→ **PROBLEM TO WORK ON**
In the listing that follows, print every line exactly and leave the images out.

→ **DATA SHOWN**
= Beginning of Section =

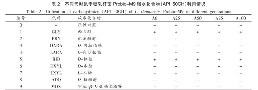 表2不同代時(shí)鼠李糖乳桿菌Probio-M9碳水化合物(API 50CH)利用情況
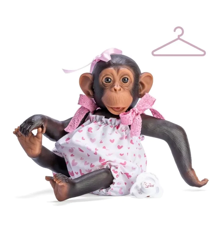 Ręcznie szyty strój został zaprojektowany specjalnie dla małpki hiszpańskiej o imieniu Lola z unikalnej kolekcji ASI Animal Reborn.
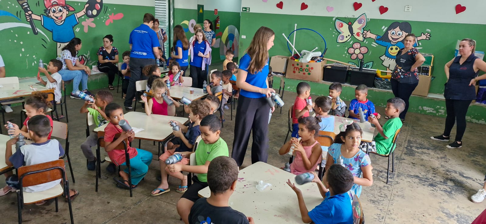 Para tornar o momento ainda mais especial, cada criança recebeu uma garrafinha squeeze como lembrança, gesto que simbolizou o cuidado e o afeto dos organizadores.
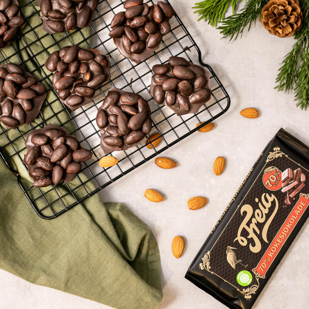 Julekonfekt er en viktig del av julekosen for mange, og det er noe spesielt med dem man har laget selv. Med disse enkle oppskriftene på hjemmelaget julekonfekt med mørk sjokolade, kan du lage julesnacks som er perfekt å gi i julegave til en du er glad i. Putt den spiselige julegaven i en fin eske eller cellofanpose, pynt med en sløyfe og fest på en håndskrevet hilsen, så er gaven i boks!

= End of Section =

→ **WRITTEN SOLUTION**
 表2不同代時(shí)鼠李糖乳桿菌Probio-M9碳水化合物(API 50CH)利用情況
 Ręcznie szyty strój został zaprojektowany specjalnie dla małpki hiszpańskiej o imieniu Lola z unikalnej kolekcji ASI Animal Reborn.
 Para tornar o momento ainda mais especial, cada criança recebeu uma garrafinha squeeze como lembrança, gesto que simbolizou o cuidado e o afeto dos organizadores.
 Julekonfekt er en viktig del av julekosen for mange, og det er noe spesielt med dem man har laget selv. Med disse enkle oppskriftene på hjemmelaget julekonfekt med mørk sjokolade, kan du lage julesnacks som er perfekt å gi i julegave til en du er glad i. Putt den spiselige julegaven i en fin eske eller cellofanpose, pynt med en sløyfe og fest på en håndskrevet hilsen, så er gaven i boks!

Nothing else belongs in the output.